§ TASK OBJECTIVE
Of the lines in the material below, print only those from the one containing "第九條 以上專業(yè)均進" to the one containing "12月9日下午,我校院长张莉", ends included, exactly as written and without pictures.

§ INFORMATION PROVIDED
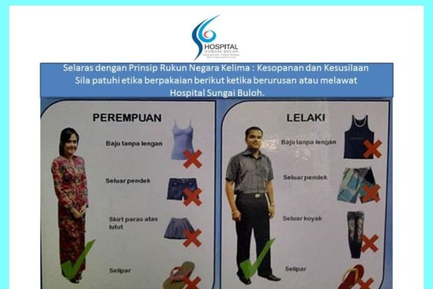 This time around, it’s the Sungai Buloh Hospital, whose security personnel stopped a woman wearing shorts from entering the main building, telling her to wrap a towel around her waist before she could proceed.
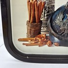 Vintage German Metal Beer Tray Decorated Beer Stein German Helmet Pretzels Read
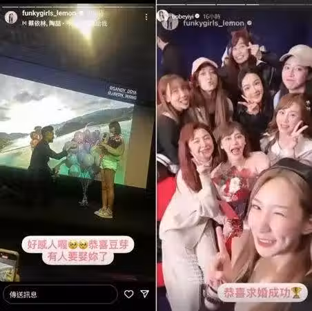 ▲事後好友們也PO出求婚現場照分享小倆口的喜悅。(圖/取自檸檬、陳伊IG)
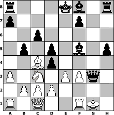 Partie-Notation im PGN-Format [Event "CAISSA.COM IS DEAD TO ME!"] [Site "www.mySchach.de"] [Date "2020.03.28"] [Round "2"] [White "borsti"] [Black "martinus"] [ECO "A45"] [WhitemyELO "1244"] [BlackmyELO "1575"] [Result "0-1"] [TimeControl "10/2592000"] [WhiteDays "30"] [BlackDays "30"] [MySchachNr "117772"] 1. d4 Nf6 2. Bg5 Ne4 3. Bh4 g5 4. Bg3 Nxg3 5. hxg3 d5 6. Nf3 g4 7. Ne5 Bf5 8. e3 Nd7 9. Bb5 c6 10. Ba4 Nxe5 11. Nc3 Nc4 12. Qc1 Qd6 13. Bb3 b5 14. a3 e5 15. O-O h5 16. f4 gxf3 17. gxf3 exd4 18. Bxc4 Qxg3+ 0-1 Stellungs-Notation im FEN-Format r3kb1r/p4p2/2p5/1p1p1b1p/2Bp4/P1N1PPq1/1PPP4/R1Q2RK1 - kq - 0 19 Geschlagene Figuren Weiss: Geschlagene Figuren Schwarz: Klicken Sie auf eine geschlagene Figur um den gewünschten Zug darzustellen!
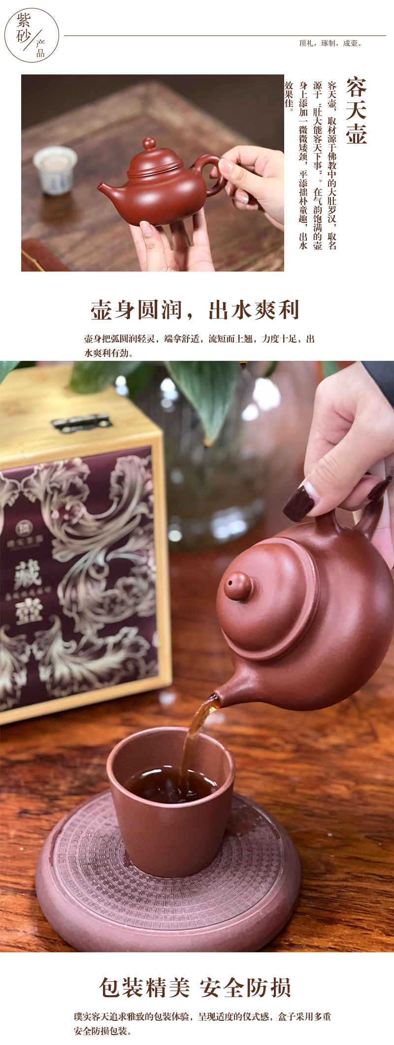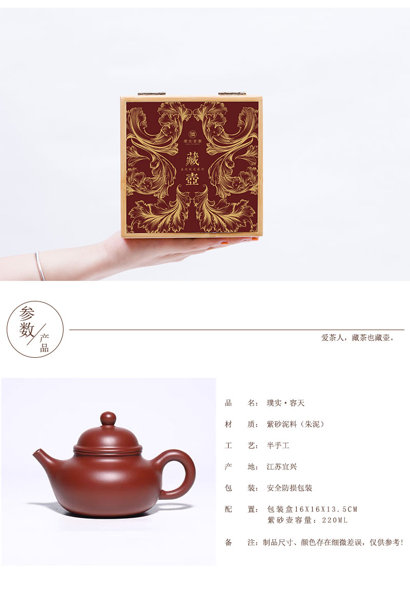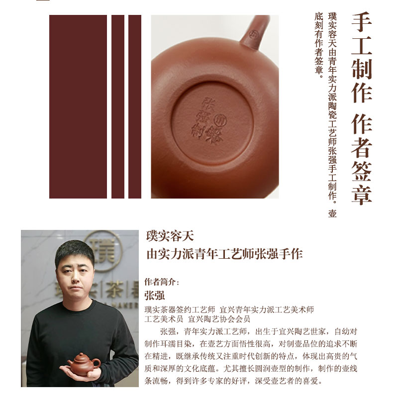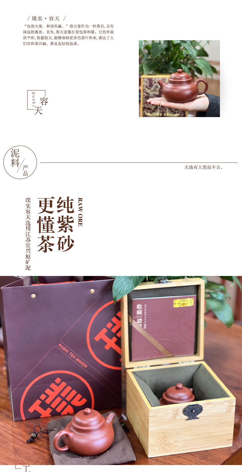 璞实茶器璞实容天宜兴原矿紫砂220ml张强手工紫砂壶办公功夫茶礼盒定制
==
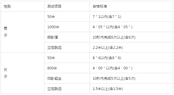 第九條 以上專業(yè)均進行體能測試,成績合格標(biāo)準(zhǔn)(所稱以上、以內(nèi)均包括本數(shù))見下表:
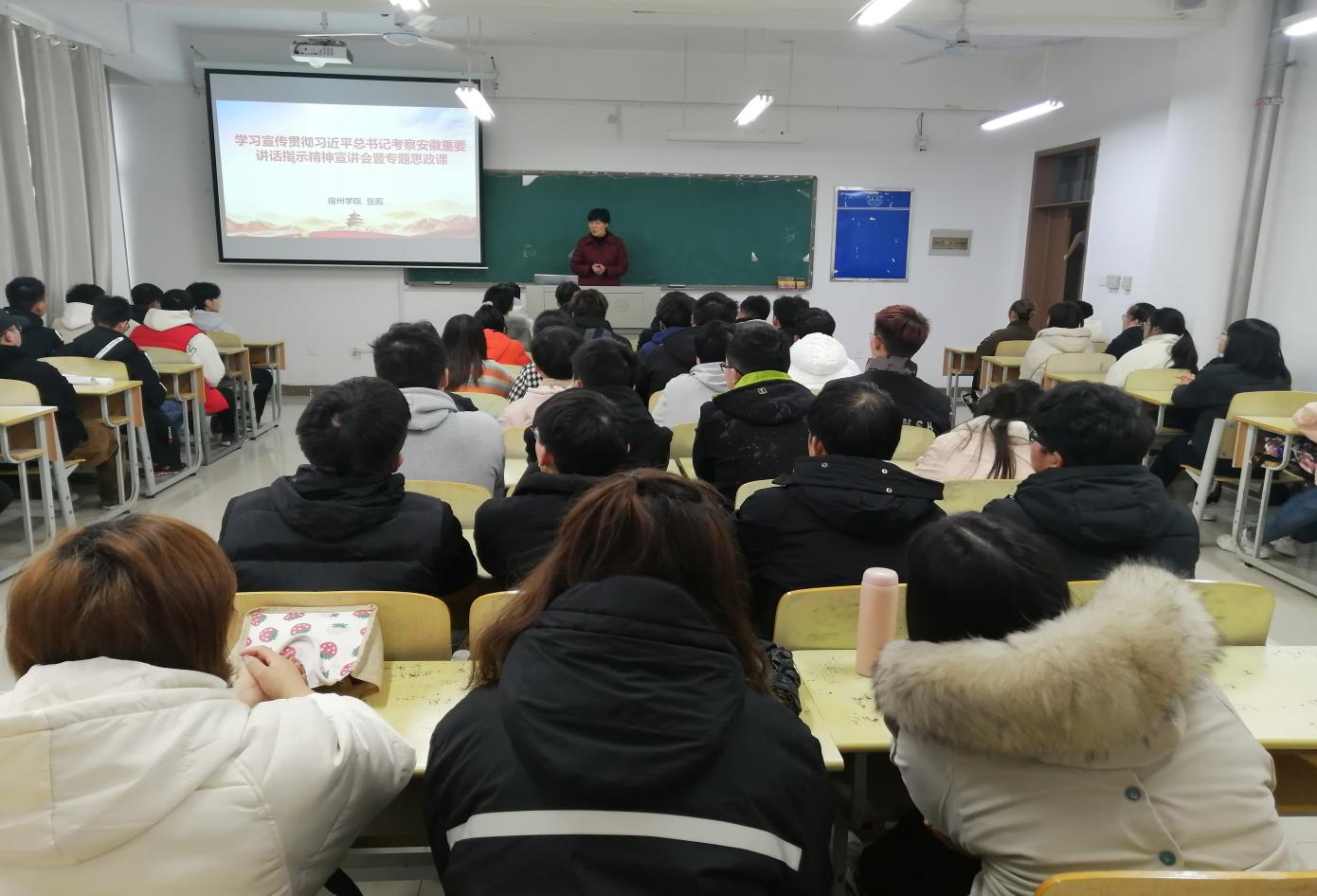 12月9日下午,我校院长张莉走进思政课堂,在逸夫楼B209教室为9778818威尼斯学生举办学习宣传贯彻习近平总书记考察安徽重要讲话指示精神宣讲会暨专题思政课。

§ EXERCISE OUTPUT
 第九條 以上專業(yè)均進行體能測試,成績合格標(biāo)準(zhǔn)(所稱以上、以內(nèi)均包括本數(shù))見下表:
 12月9日下午,我校院长张莉走进思政课堂,在逸夫楼B209教室为9778818威尼斯学生举办学习宣传贯彻习近平总书记考察安徽重要讲话指示精神宣讲会暨专题思政课。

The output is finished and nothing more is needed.